Pharmaceutical preparation Example 1
Tablets including 5 mg of 4-[4-(aminomethyl)-1-piperidinyl]-N,5-bis(3,5-dimethyphenyl)pyridine-3-carboxamide
(1550) Mix each ingredients described below in the usual manner, then compress into tablets to obtain 10,000 tables which include 5 mg of active substances per a tablet.
(1551) 4-[4-(aminomethyl)-1-piperidinyl]-N,5-bis(3,5-dimethyphenyl)pyridine-3-carboxamide: 50 g
(1552) carboxymethyl cellulose calcium (disintegrators): 20 g
(1553) magnesium stearate (lubricant): 10 g
(1554) microcrystalline cellulose: 920 g
Pharmaceutical preparation Example 2
Injections including 20 mg of 4-[4-(aminomethyl)-1-piperidinyl]-N,5-bis(3,5-dimethyphenyl)pyridine-3-carboxamide
(1555) Mix each ingredients described below in the usual manner, sterilize in the usual manner, fill into ampules by 5 mL per a ampule, and freeze-dry in the usual manner to obtain 10,000 ampules which include 20 mg of active ingredient per a ampule.

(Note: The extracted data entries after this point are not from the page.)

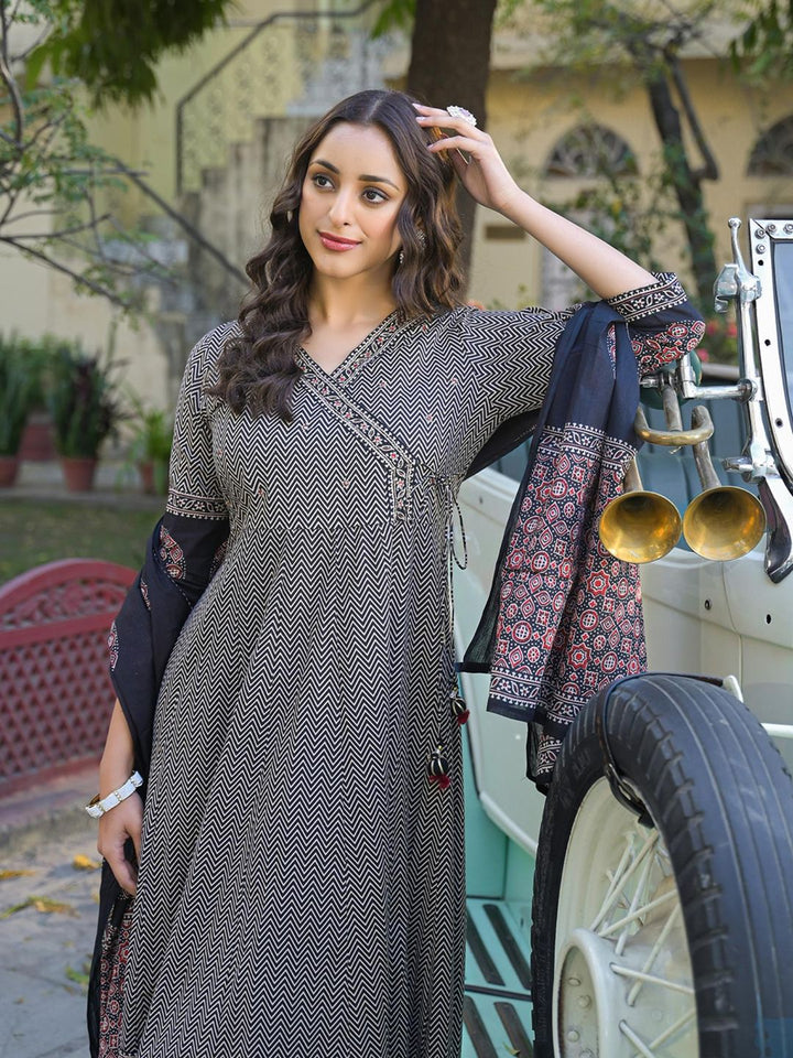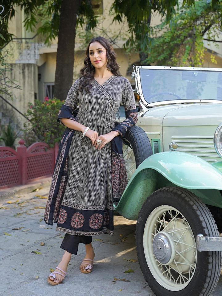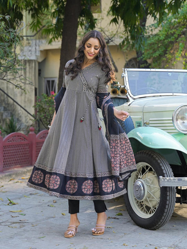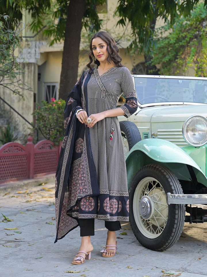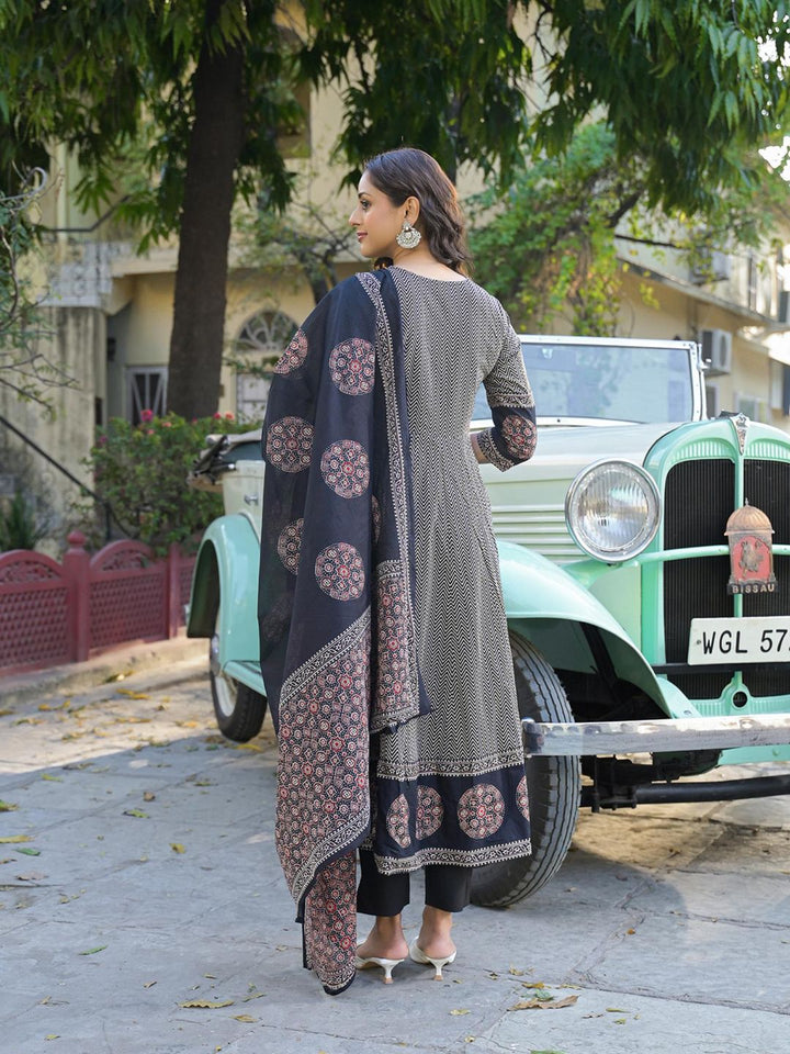 Black Printed Cotton Fabric Anarkali Kurta with Pant & Dupatta (Set of 3)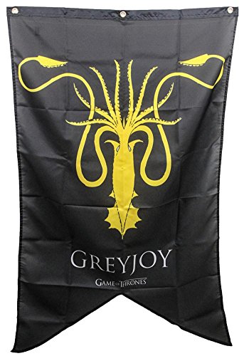 -. Feature : Greyjoy Family Banner - Measures 30" x 50" / Features 3 aluminum grommets on the top edge for easy hanging / Officially licensed Game of Thrones banner/flag / 100% polyester / Makes a great addition to any Game of Thrones collection!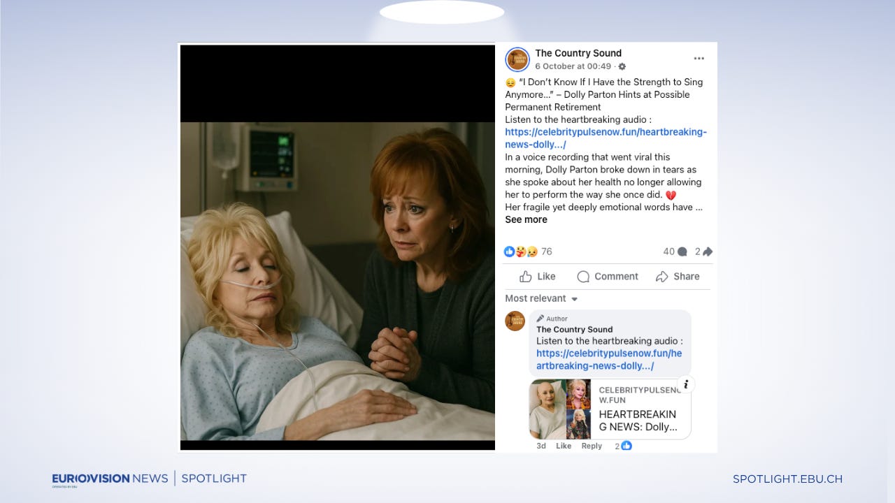 The Facebook post sparked dozens of news reports while fans feared Dolly’s health situation was serious. Tributes flooded social media, as did AI-generated imaginings of Dolly Parton on her deathbed, being visited by tearful fellow country star Reba McEntire.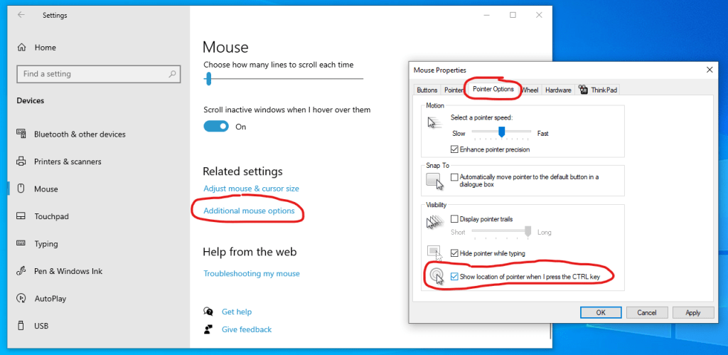 Side note: when using multiple screens I find it useful to set the CTRL key to show where my pointer is in case I have to find it. You can set this up at the mouse pointer settings here: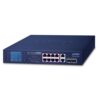 • specifications_tab: <table style="width:100%;" class="common_table_sky"><thead><tr><th colspan="2">Hardware Specifications</th></tr></thead><tbody><tr><td class="align-middle">Copper Ports</td><td>10 10/100/1000BASE-T copper Ports (ports 1 to 10)</td></tr><tr><td class="align-middle">802.3af/802.3at PoE+ Injector Port</td><td>8 ports with 802.3af/802.3at PoE+ Injector function (ports 1 to 8)</td></tr><tr><td class="align-middle">SFP Slots</td><td>2 1000BASE-X SFP Slots (ports 11 to 12)</td></tr><tr><td class="align-middle">Switch Architecture</td><td>Store-and-Forward</td></tr><tr><td class="align-middle">Switch Fabric</td><td>24Gbps/non-blocking</td></tr><tr><td class="align-middle">Switch Throughput@64 bytes</td><td>18Mpps@64 bytes</td></tr><tr><td class="align-middle">MAC Address Table</td><td>8K entries</td></tr><tr><td class="align-middle">Maximum Frame Size</td><td>9216 bytes</td></tr><tr><td class="align-middle">Flow Control</td><td>IEEE 802.3x pause frame for full duplex; back pressure for half duplex</td></tr><tr><td class="align-middle">LED</td><td>System:<br />  Power (<font color="Green"><b>Green</b></font>)<br /> PoE interfaces:<br />  PoE-in-Use (<font color="Orange"><b>Orange</b></font>)<br /> 10/100/1000BASE-T RJ45 Interfaces:<br />  10/100Mbps LNK/ACT (<font color="Red"><b>Red</b></font>)<br />  1000Mbps LNK/ACT (<font color="Green"><b>Green</b></font>)<br /> 1000BASE-X SFP Interfaces:<br />  LNK/ACT (<font color="Green"><b>Green</b></font>)</td></tr><tr><td class="align-middle">LCD Monitor (W x D)</td><td>40.6mm x 30.5mm, 2-inch</td></tr><tr><td class="align-middle">Buttons</td><td>Menu, Enter, Back, Up and Down</td></tr><tr><td class="align-middle">Dimensions (W x D x H)</td><td>280 x 180 x 44mm (1U height)</td></tr><tr><td class="align-middle">Enclosure</td><td>Metal</td></tr><tr><td class="align-middle">Weight</td><td>1671g</td></tr><tr><td class="align-middle">Power Requirements</td><td>100~240V AC, 50/60Hz, 2.5A max.</td></tr><tr><td class="align-middle">Power Consumption/Dissipation</td><td>Max. 130 watts/446 BTU</td></tr><tr><td class="align-middle">Thermal Fan</td><td>1</td></tr><tr><td class="align-middle">ESD Protection</td><td>Contact discharge of ±6KV DC<br /> Air discharge of ±8KV DC</td></tr><tr><td class="align-middle">Surge Protection</td><td>±6KV</td></tr></tbody><thead><tr><th colspan="2">Power over Ethernet</th></tr></thead><tbody><tr><td class="align-middle">PoE Standard</td><td>IEEE 802.3af Power over Ethernet/PSE<br /> IEEE 802.3at Power over Ethernet Plus/PSE</td></tr><tr><td class="align-middle">PoE Power Supply Type</td><td>End-span</td></tr><tr><td class="align-middle">PoE Power Output</td><td>Per port 54V DC, 300mA. max. 15.4 watts (IEEE 802.3af)<br /> Per port 54V DC, 600mA. max. 30 watts (IEEE 802.3at)</td></tr><tr><td class="align-middle">Power Pin Assignment</td><td>1/2 (+), 3/6 (-)</td></tr><tr><td class="align-middle">PoE Power Budget</td><td>120 watts</td></tr><tr><td class="align-middle">Max. Number of Class 2 PDs</td><td>8</td></tr><tr><td class="align-middle">Max. Number of Class 3 PDs</td><td>8</td></tr><tr><td class="align-middle">Max. Number of Class 4 PDs</td><td>4</td></tr></tbody><thead><tr><th colspan="2">Standards Conformance</th></tr></thead><tbody><tr><td class="align-middle">Regulatory Compliance</td><td>FCC Part 15 Class A, CE</td></tr><tr><td class="align-middle">Standards Compliance</td><td>IEEE 802.3 10BASE-T<br /> IEEE 802.3u 100BASE-TX<br /> IEEE 802.3ab Gigabit 1000BASE-T<br /> IEEE 802.3z Gigabit SX/LX<br /> IEEE 802.3x Flow control and back pressure<br /> IEEE 802.3af Power over Ethernet<br /> IEEE 802.3at Power over Ethernet Plus<br /> IEEE 802.3az Energy Efficient Ethernet (EEE)</td></tr></tbody><thead><tr><th colspan="2">Environment</th></tr></thead><tbody><tr><td class="align-middle">Operating</td><td>Temperature: -10 ~ 60 degrees C<br /> Relative Humidity: 10 ~ 90% (non-condensing)<br /> * Temperature<40 degrees C; Humidity<90%<br /> Temperature>40 degrees C; Humidity<50%</td></tr><tr><td class="align-middle">Storage</td><td>Temperature: -10 ~ 70 degrees C<br /> Relative Humidity: 5 ~ 90% (non-condensing)</td></tr></tbody></table>

(1556) 4-[4-(aminomethyl)-1-piperidinyl]-N,5-bis(3,5-dimethyphenyl)pyridine-3-carboxamide: 200 g
(1557) mannitol: 20 g
(1558) distillated water: 50 L
INDUSTRIAL APPLICABILITY
(1559) Since the present invention compounds have high agonist activity against somatostatin receptor, especially somatostatin receptor subtype 2, they are useful as a preventive and/or therapeutic agent for various diseases which may be related with somatostatin itself or hormones regulated by somatostatin, especially acromegaly and digestive symptom with gastrointestinal obstruction.